Oshkosh Gets Second Order For M-ATVs

No further callbacks planned at JLG
By Lindsay R. Mellott STAFF WRITER

JLG Industries' parent company, Oshkosh Corp., said Friday that it has gotten a second U.S. Department of Defense order to build more armored vehicles for the armed forces.

The $1.06 billion for 1,700 MATVs (mine-resistant ambushprotected all-terrain vehicles) follows a $1.05 billion order from the DOD on June 30 for 2,244 MATVs that will be used by ground forces fighting in Afghanistan.

Oshkosh said in July when it announced the contract award that it would call back 550 to 650 laid-off JLG works at its JLG facilities in Pennsylvania to help build the armored vehicles. MATVs are also being manufactured at Oshkosh's four defense plants in Wisconsin.

The contract extension for the additional M-ATVs calls for a February 2010 delivery. The July order for armored vehicles has a December 2009 delivery deadline. The contract also includes aftermarket parts packages to be supplied by April 2010, along with field service support.

"At Oshkosh, our main focus is to ensure that M-ATVs are waiting in theater for the warfighters when they arrive, rather than having the warfighter wait for the vehicle," said Robert G. Bohn, Oshkosh Corp. chairman and chief executive officer. "We are confident in our ability to ramp up production to 1,000 per month in December and this additional order will allow us to sustain that rate of production through February 2010."

Oshkosh spokesperson Ann Stawski said on Monday that the order for additional M-ATVs will not call back any more of JLG's laid-off workers.
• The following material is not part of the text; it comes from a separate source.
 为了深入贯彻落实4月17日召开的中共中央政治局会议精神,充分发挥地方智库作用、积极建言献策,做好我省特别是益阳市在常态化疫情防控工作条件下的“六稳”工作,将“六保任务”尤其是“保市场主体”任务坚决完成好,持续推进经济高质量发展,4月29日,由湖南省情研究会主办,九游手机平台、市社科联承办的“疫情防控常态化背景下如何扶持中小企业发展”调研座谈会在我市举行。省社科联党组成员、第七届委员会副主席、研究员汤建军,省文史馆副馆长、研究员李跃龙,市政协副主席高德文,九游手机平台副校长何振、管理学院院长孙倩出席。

She said that JLG was still in the process of "on-boarding" the 550 to 650 laidoff workers who were expected to be called back when the DOD's first order was announced. That process, she said, should be completed in four to eight weeks.
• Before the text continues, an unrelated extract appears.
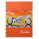 Carnet illustré avec une photo d'une moto à l'allure pointue et un nom personnalisé. Customisez cet objet et changez le nom à votre nom ou retirez le nom et achetez tel quel. Image stock

Stawski said that Oshkosh Defense and JLG are working "round-the-clock" to meet the DOD's aggressive manufacturing schedule.

Stawski noted that Oshkosh had surpassed its first delivery requirements for 45 M-ATVs in July by providing 46 armored vehicles.

Bohn said, "The target was 45 but we were able to deliver an additional vehicle. It's an absolute testament to the quality and spirit of our customer, our employees and our suppliers who have come together to combine resources and work toward achieving a common mission - to serve our troops in Afghanistan."

The Defense Department has said it urgently needs blast-resistant vehicles that are lighter and agile enough to navigate Afghanistan's harsh terrain. To meet that need, Oshkosh began production of the M-ATVs weeks ahead of officially getting the DOD's first order for armored vehicles.

"We are very pleased to get the additional order," Stawski said.